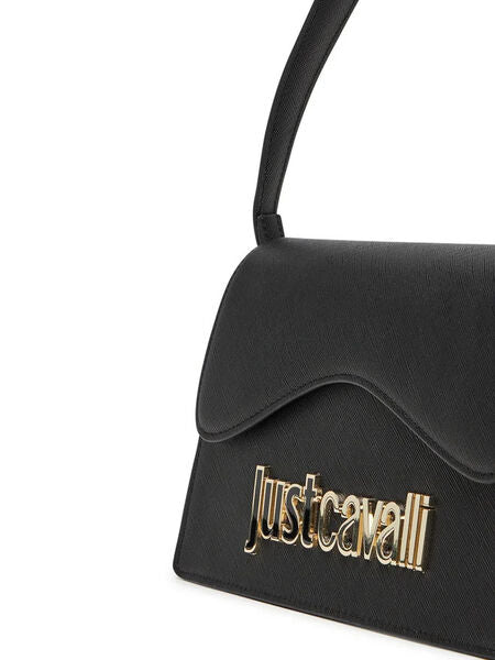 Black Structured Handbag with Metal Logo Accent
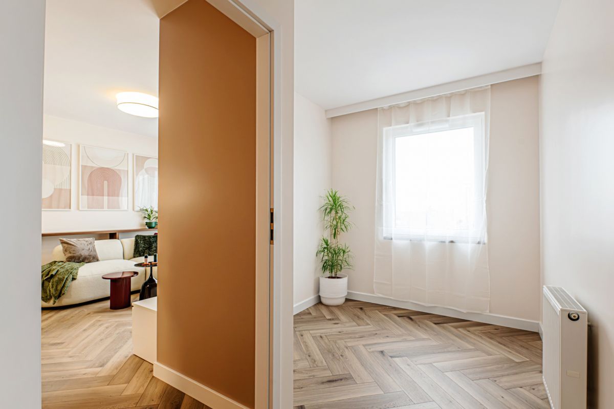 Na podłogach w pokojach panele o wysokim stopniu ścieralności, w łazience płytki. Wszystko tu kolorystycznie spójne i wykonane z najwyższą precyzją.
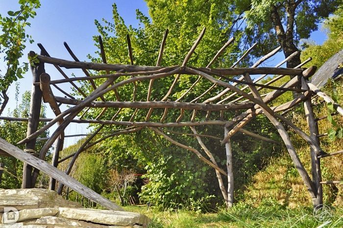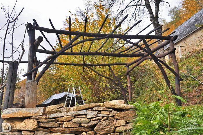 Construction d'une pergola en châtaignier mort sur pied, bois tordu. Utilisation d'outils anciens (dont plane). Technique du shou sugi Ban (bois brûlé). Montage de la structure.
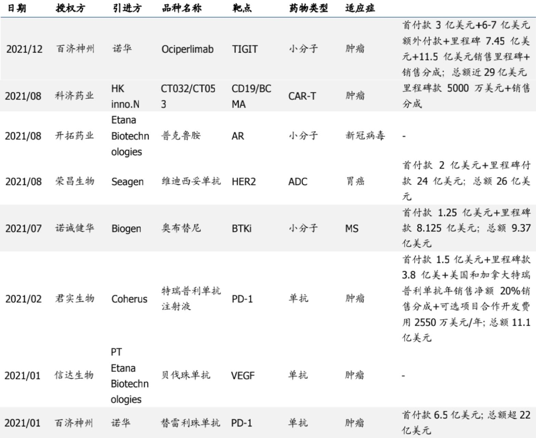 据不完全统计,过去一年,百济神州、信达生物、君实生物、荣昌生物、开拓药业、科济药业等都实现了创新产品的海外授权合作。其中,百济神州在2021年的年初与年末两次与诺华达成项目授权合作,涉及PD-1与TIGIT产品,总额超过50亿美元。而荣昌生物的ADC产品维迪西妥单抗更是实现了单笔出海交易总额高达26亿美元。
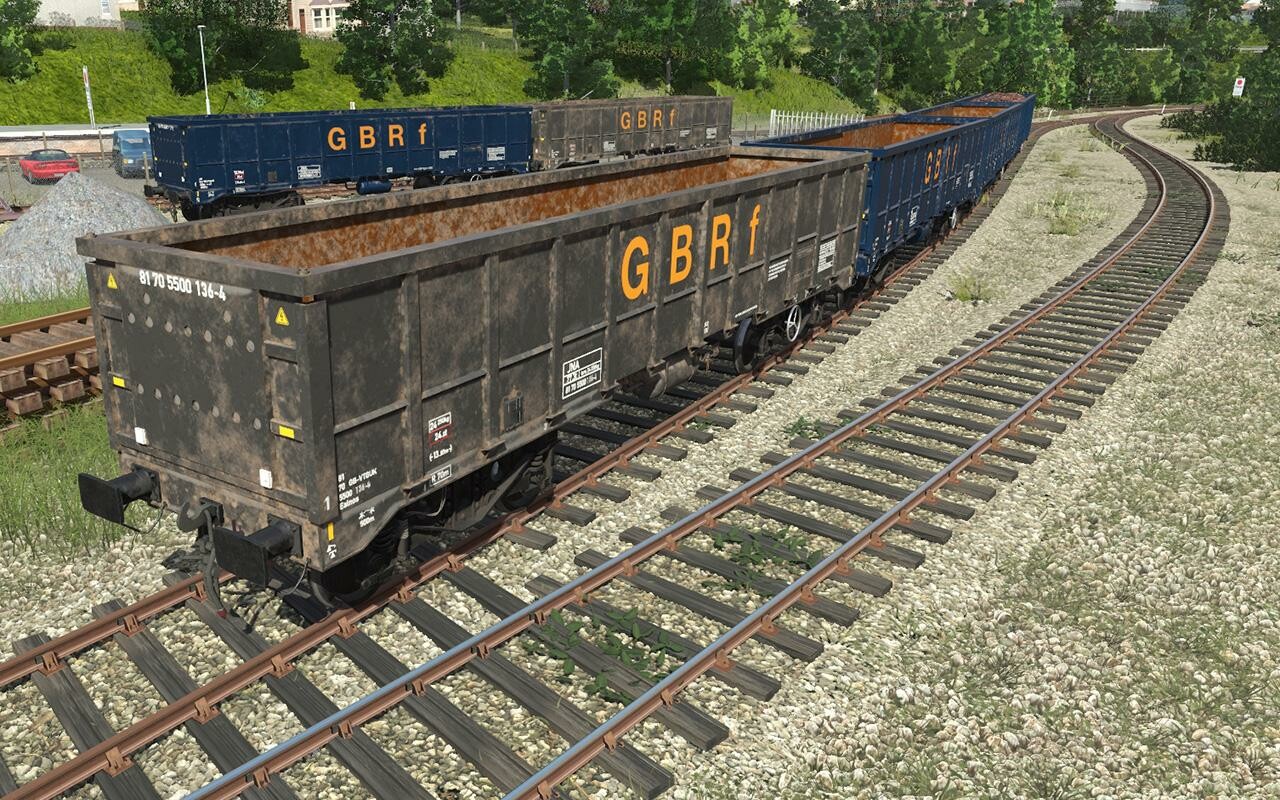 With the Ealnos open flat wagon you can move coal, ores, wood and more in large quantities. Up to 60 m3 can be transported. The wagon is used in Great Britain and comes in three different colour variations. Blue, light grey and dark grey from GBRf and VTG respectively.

------------------------------------

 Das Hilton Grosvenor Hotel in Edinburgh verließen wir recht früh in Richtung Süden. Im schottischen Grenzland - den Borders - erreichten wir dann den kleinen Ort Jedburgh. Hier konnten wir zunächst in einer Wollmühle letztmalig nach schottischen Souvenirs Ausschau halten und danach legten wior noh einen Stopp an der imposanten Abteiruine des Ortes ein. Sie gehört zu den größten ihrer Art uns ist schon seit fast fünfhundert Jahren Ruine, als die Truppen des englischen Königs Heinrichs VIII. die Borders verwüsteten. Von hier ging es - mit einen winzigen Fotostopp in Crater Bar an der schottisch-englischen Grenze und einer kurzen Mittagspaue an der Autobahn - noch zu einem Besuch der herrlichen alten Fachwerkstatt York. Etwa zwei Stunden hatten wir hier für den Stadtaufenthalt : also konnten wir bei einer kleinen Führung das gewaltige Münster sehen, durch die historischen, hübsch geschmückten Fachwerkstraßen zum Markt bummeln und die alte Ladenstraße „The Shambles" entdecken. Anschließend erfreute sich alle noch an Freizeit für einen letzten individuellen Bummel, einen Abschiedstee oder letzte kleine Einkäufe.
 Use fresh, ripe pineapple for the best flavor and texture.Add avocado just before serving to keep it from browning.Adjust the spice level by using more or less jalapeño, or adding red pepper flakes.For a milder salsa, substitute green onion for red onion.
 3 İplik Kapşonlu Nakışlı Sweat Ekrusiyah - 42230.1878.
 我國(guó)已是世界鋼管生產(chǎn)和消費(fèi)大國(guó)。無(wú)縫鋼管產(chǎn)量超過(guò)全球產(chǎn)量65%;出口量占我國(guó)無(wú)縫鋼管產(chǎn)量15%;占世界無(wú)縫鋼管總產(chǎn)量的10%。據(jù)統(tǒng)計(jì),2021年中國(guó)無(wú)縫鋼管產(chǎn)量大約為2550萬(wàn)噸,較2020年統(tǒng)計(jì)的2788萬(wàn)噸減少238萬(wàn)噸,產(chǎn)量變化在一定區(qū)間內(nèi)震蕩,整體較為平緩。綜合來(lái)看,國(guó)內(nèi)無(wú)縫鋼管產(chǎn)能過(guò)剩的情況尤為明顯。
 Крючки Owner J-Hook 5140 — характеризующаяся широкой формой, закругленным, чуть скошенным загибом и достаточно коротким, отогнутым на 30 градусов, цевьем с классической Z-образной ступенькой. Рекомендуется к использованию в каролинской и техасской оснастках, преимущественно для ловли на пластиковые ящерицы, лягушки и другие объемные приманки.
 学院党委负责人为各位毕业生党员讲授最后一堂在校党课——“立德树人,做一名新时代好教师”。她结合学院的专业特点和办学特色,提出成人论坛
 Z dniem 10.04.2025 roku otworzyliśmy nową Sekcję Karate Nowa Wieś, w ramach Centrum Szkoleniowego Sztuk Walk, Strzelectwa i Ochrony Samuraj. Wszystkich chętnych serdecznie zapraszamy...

------------------------------------

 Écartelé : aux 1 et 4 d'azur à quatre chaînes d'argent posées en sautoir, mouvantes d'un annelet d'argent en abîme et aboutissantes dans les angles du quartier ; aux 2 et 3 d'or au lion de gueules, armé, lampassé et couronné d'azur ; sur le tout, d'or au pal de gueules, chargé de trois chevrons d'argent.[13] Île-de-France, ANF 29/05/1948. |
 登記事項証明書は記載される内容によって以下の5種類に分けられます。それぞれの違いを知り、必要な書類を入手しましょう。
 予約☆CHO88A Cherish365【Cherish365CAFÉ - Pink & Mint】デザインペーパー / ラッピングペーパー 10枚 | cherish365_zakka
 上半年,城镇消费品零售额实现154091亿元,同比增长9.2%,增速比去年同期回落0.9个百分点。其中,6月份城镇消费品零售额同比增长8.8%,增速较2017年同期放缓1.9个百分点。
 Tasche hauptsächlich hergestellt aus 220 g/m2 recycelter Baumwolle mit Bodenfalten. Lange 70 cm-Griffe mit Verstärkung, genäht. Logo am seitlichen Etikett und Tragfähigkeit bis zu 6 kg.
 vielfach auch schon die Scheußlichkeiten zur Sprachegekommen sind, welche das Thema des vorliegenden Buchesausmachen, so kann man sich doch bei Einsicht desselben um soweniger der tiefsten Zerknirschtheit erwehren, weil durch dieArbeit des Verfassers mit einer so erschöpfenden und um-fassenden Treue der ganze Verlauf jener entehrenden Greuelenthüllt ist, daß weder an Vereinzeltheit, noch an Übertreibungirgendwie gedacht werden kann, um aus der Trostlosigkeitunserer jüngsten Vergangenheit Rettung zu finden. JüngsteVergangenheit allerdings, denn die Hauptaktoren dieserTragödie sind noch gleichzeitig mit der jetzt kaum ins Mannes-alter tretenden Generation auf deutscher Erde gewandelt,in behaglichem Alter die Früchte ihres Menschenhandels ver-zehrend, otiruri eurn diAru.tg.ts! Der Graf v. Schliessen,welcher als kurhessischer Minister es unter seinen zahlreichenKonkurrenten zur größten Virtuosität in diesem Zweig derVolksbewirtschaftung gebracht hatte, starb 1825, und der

------------------------------------

= GOAL OF THE EXERCISE =
Above are some records; quote exactly and only the lines that begin at the line containing "Black Structured Handbag" and stop after the line containing "据不完全统计,过去一年,百济", leaving out the pictures.

= COMPLETED EXERCISE =
 Black Structured Handbag with Metal Logo Accent
 Na podłogach w pokojach panele o wysokim stopniu ścieralności, w łazience płytki. Wszystko tu kolorystycznie spójne i wykonane z najwyższą precyzją.
 Construction d'une pergola en châtaignier mort sur pied, bois tordu. Utilisation d'outils anciens (dont plane). Technique du shou sugi Ban (bois brûlé). Montage de la structure.
 据不完全统计,过去一年,百济神州、信达生物、君实生物、荣昌生物、开拓药业、科济药业等都实现了创新产品的海外授权合作。其中,百济神州在2021年的年初与年末两次与诺华达成项目授权合作,涉及PD-1与TIGIT产品,总额超过50亿美元。而荣昌生物的ADC产品维迪西妥单抗更是实现了单笔出海交易总额高达26亿美元。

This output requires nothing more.